GIVEN MATERIAL:
----

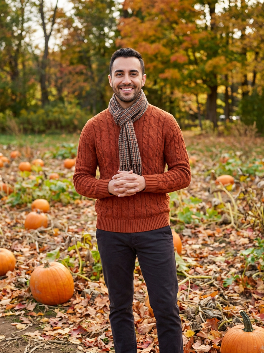 model in autumn leaves, pumpkin patch setting, cozy sweater and scarf, warm fall colors, grateful expression
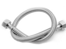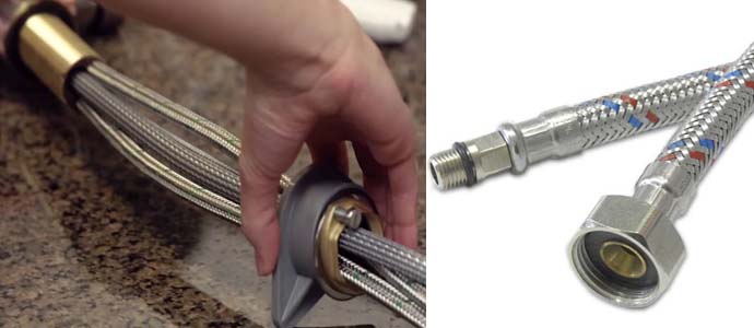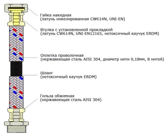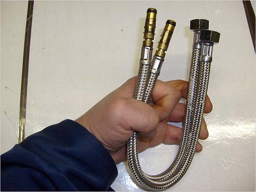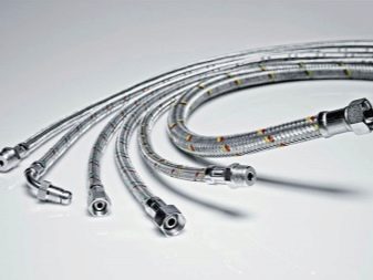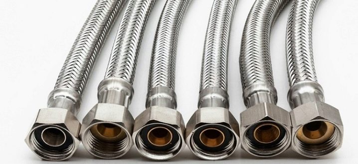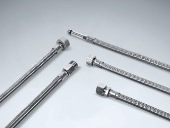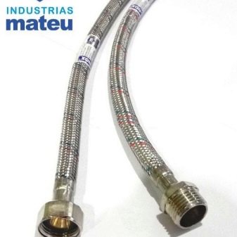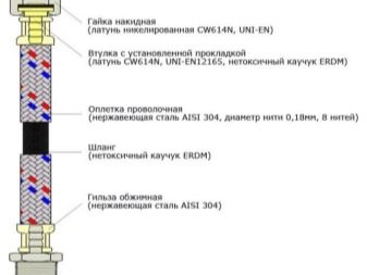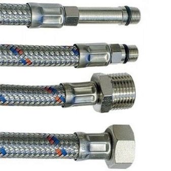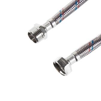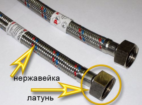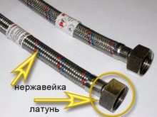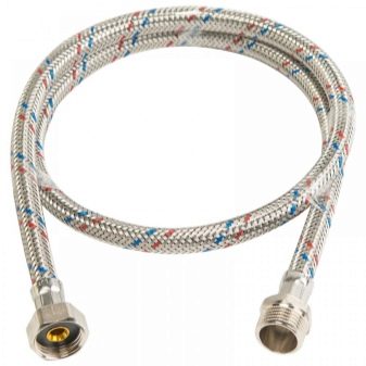 Eine der beliebtesten Arten von flexiblen Liner ist verstärkte Liner. Es besteht aus zwei Teilen: dem inneren Gummischlauch und dem äußeren Stahlmantel. Schläuche unterschiedlicher Länge werden mit Stahl einer bestimmten Farbe umwickelt (blau für kaltes Wasser und rot für heiß), Armaturen oder Muttern mit Gummidichtungen sind an den Enden angebracht.
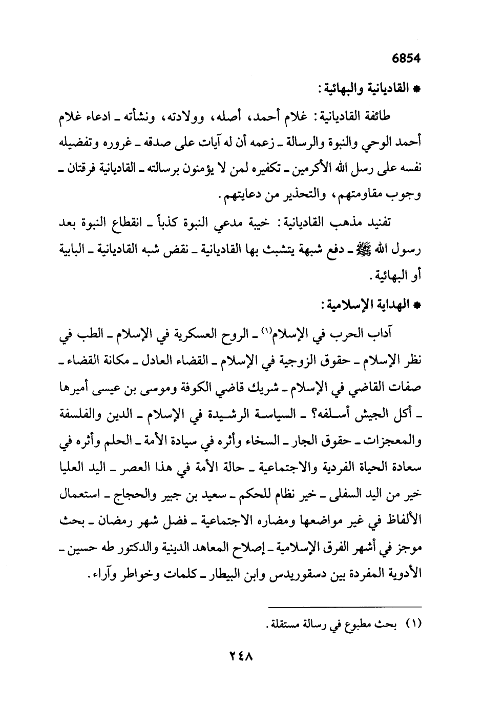 آداب الحرب في الإسلام (¬1) - الروح العسكرية في الإسلام - الطيب في نظر الإسلام - حقوق الزوجية في الإسلام - القضاء العادل - مكانة القضاء - صفات القاضي في الإسلام - شريك قاضي الكوفة وموسى بن عيسى أميرها - كل الجيش أسلفه؟ - السياسة الرشيدة في الإسلام - الدين والفلسفة والمعجزات - حقوق الجار - السخاء وأثره في سيادة الأمة - الحلم وأثره في سعادة الحياة الفردية والاجتماعية - حالة الأمة في هذا العصر - اليد العليا خير من اليد السفلى - خير نظام للحكم - سعيد بن جبير والحجاج - استعمال الألفاظ في غير مواضعها ومضاره الاجتماعية - فضل شهر رمضان - بحث موجز في أشهر الفرق الإسلامية - إصلاح المعاهد الدينية والدكتور طه حسين - الأدوية المفردة بين دسقوريدس وابن البيطار - كلمات وخواطر وآراء.

----

PROBLEM STATEMENT:
Transcribe the listing above in full and exactly; no pictures belong in the copy.

SOLUTION:
 model in autumn leaves, pumpkin patch setting, cozy sweater and scarf, warm fall colors, grateful expression
 Eine der beliebtesten Arten von flexiblen Liner ist verstärkte Liner. Es besteht aus zwei Teilen: dem inneren Gummischlauch und dem äußeren Stahlmantel. Schläuche unterschiedlicher Länge werden mit Stahl einer bestimmten Farbe umwickelt (blau für kaltes Wasser und rot für heiß), Armaturen oder Muttern mit Gummidichtungen sind an den Enden angebracht.
 آداب الحرب في الإسلام (¬1) - الروح العسكرية في الإسلام - الطيب في نظر الإسلام - حقوق الزوجية في الإسلام - القضاء العادل - مكانة القضاء - صفات القاضي في الإسلام - شريك قاضي الكوفة وموسى بن عيسى أميرها - كل الجيش أسلفه؟ - السياسة الرشيدة في الإسلام - الدين والفلسفة والمعجزات - حقوق الجار - السخاء وأثره في سيادة الأمة - الحلم وأثره في سعادة الحياة الفردية والاجتماعية - حالة الأمة في هذا العصر - اليد العليا خير من اليد السفلى - خير نظام للحكم - سعيد بن جبير والحجاج - استعمال الألفاظ في غير مواضعها ومضاره الاجتماعية - فضل شهر رمضان - بحث موجز في أشهر الفرق الإسلامية - إصلاح المعاهد الدينية والدكتور طه حسين - الأدوية المفردة بين دسقوريدس وابن البيطار - كلمات وخواطر وآراء.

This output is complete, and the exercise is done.